## Given records
+ + +

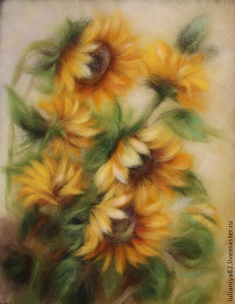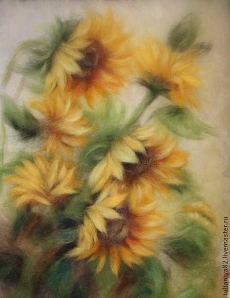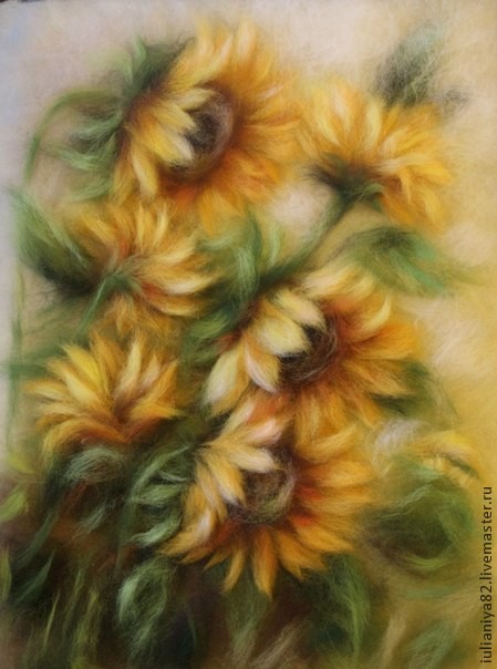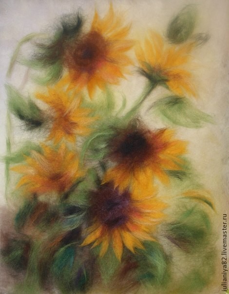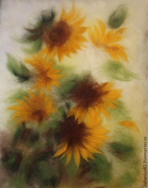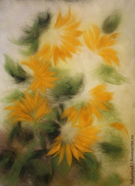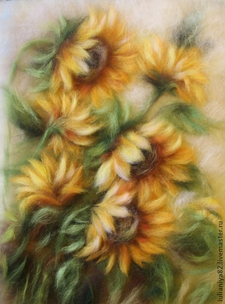 Рисуем подсолнухи шерстью
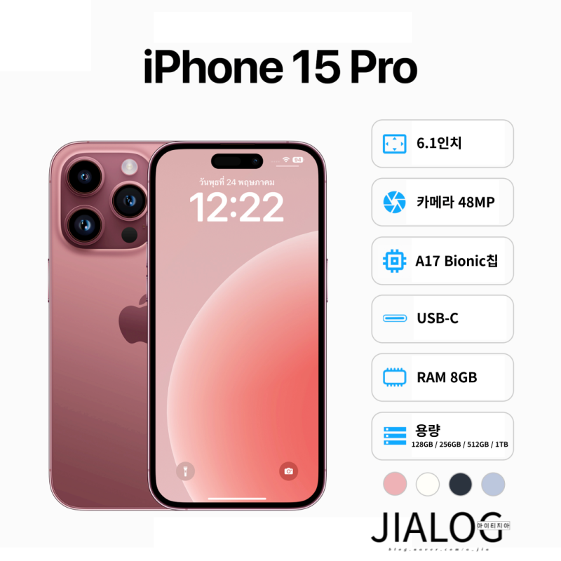 - 색상: 블랙 티타늄, 화이트 티타늄, 블루 티타늄, 내추럴 티타늄
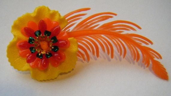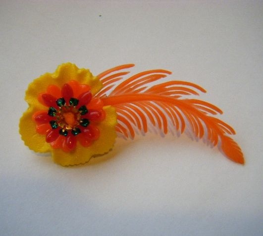 SALG før 375,- Nål/brosje i vinyage glass pg strass. 6.7 x 2.8cmFarger: Klar orange gul og rød. Strass: smaragd grønn. Frakt inkl. i pris
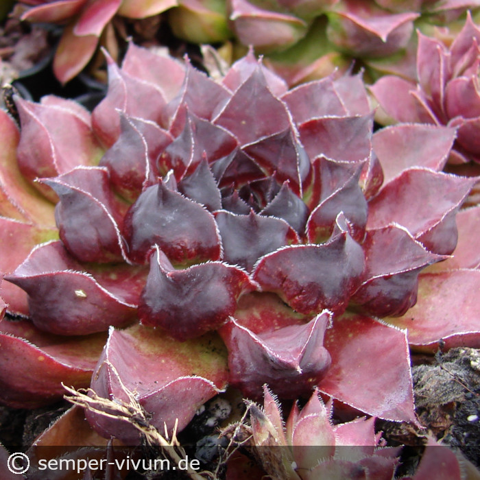 Eine britische Sorte, die bereits Anfang der 60er Jahre eingeführt wurde. Sie formt größere Rosetten, die während des Jahres violettpurpurne bis hell olivgrüne Farben zeigen. Der Züchter schreibt: "Large, open and lax rosettes with succulent leaves based blue green and mottled greyed purple becoming solid purple on the extended point. During the winter the colour fades and the plant looses its distinctiveness of summer." Dieser Kultivar formt manchmal den Sport 'Happy Phantom'. Er besitzt eine außergewöhnliche Form mit stark sukkulenten Blättern. Sehr beliebt und gesucht!
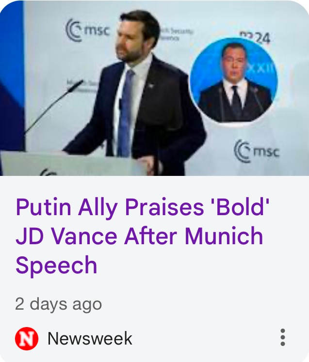 It is within that context that you see just how in line Vance’s speech is with Putin’s project, and rhetoric. Vance says he is worried less about security threats from Russia and others, and more “the threat from within”:

+ + +

## How to complete this task
Except for the pictures, give all the material above again verbatim.

## Exercise output
 Рисуем подсолнухи шерстью
 - 색상: 블랙 티타늄, 화이트 티타늄, 블루 티타늄, 내추럴 티타늄
 SALG før 375,- Nål/brosje i vinyage glass pg strass. 6.7 x 2.8cmFarger: Klar orange gul og rød. Strass: smaragd grønn. Frakt inkl. i pris
 Eine britische Sorte, die bereits Anfang der 60er Jahre eingeführt wurde. Sie formt größere Rosetten, die während des Jahres violettpurpurne bis hell olivgrüne Farben zeigen. Der Züchter schreibt: "Large, open and lax rosettes with succulent leaves based blue green and mottled greyed purple becoming solid purple on the extended point. During the winter the colour fades and the plant looses its distinctiveness of summer." Dieser Kultivar formt manchmal den Sport 'Happy Phantom'. Er besitzt eine außergewöhnliche Form mit stark sukkulenten Blättern. Sehr beliebt und gesucht!
 It is within that context that you see just how in line Vance’s speech is with Putin’s project, and rhetoric. Vance says he is worried less about security threats from Russia and others, and more “the threat from within”:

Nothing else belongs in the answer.